Friday, 11 November 2011

Mamma mia!

The Eurozone debt crisis seems to be causing a few folks at the News International media outlets in the UK to become a bit unhinged. In The Times today there was a long, finger-wagging editorial saying that to solve the debt crisis, it would be necessary for Germany to overcome its qualms about inflation, and allow the ECB to print money and wade into the bond markets.

Meanwhile, over in the business section, editor Ian King was sounding off against the ECB for....getting involved in the market in advance of Thursday's Italian debt auction! (To the chagrin of doomsayers everywhere, this went surprisingly well, with a bid-to-cover of almost 2). According to Ian King, if any private company intervened in the market just before it issued securities, the people involved would very soon find themselves locked up. Which may be true, at least theoretically, but is of dubious relevance here. Every central bank in the world involves itself in securities markets around the time of new government issues, and in most cases is itself a bidder for the bonds that are being auctioned.
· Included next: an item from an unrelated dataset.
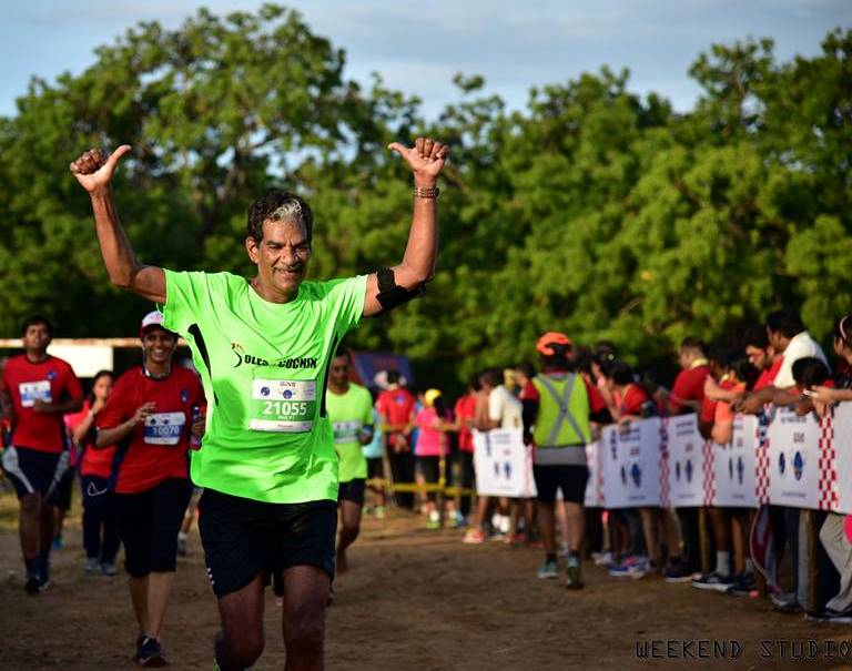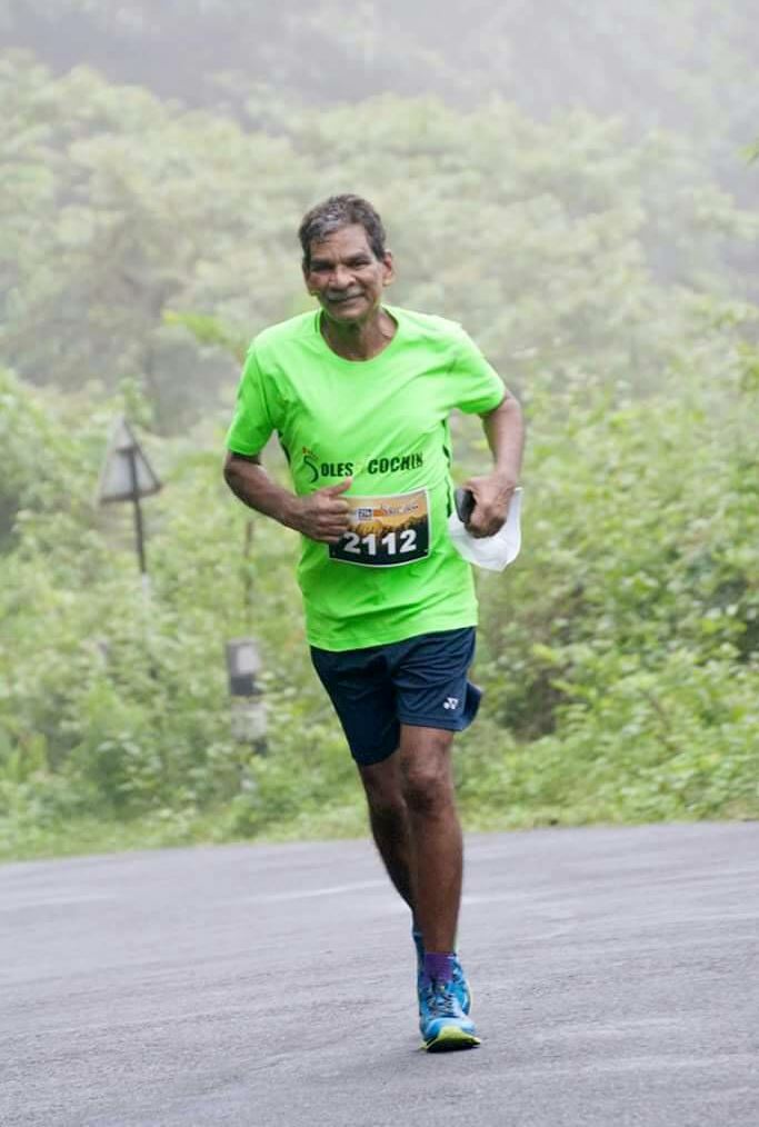 In December 2014, on turning 60 years of age, Paul retired from service. In July 2015, he formally joined Soles of Cochin where he would subsequently become popular as “ Paulettan,’’ `ettan’ being a quickly said version of the Malayalam word `chettan’ meaning elder brother. Upon joining Soles, Paul’s running became more systematic and regular. “ I started running at least 50 km every week,’’ he said. Paul described a typical week with Soles. Sunday would be a run of 8-10 km, from the Kadavanthara stadium to the Kaloor stadium and back. On Tuesday, they would run 10-12 km from Edappally to the Cochin University of Science & Technology (CUSAT) via Thrikkakkara. Thursday featured hill running; the runners would proceed from CUSAT to the HMT factory and onward to the local medical college before returning to CUSAT. “ That would be around 10-12 km,’’ he said. On Saturday, the runners would start at Edappally and proceed sometimes to Thrippunithura, logging a distance of 21-25 km. “ With all this, I now run 60-70 km every week,’’ Paul said. According to Naushad, Paul was initially reluctant to join a runners’ group. He shied away claiming he didn’t run much. Invited to come along for a Sunday run, he cited his Sunday appointment with the church for excuse. Then he turned up for a run but wasn’t seen thereafter. “ Once he returned, he has been a regular at the group’s runs. Not just that, Paul is a very good organizer. There was a run we planned at Moolamattom and Paul took care of it completely by himself. Almost 100 people enrolled for that run, of which, nearly 80 turned up to run,’’ Naushad said.

Apparently in Ian King's world, it's fine for short sellers to push up the yields on the paper in advance of the auction, but it ought to be forbidden for the ECB to intervene to keep the market orderly. It's not as if the ECB's action pushed the yields down so low that it caused investors to boycott the auction -- the healthy bid-to-cover is clear evidence of that. As I've written here in the past, ensuring that primary debt sales proceed smoothly is one of the main things that the ECB should be doing as it attempts to navigate its way through the crisis.

Maybe before the next Italian debt sale (next week!), Ian King and The Times editorialists can get together and decide whether they want the ECB to step up its involvement in the market or not. Possibly to help them make a decision, News International stablemate SKY News has recruited a new expert to explain the Italian situation. Step up, on today's "Boulton and Co." lunchtime news broadcast.....Nancy Dell'Olio! Yes, the permatanned, permapouting celebrity hanger-on herself, described on screen as a "former advisor to Silvio Berlusconi". Words fail me, though alas, they did not fail her.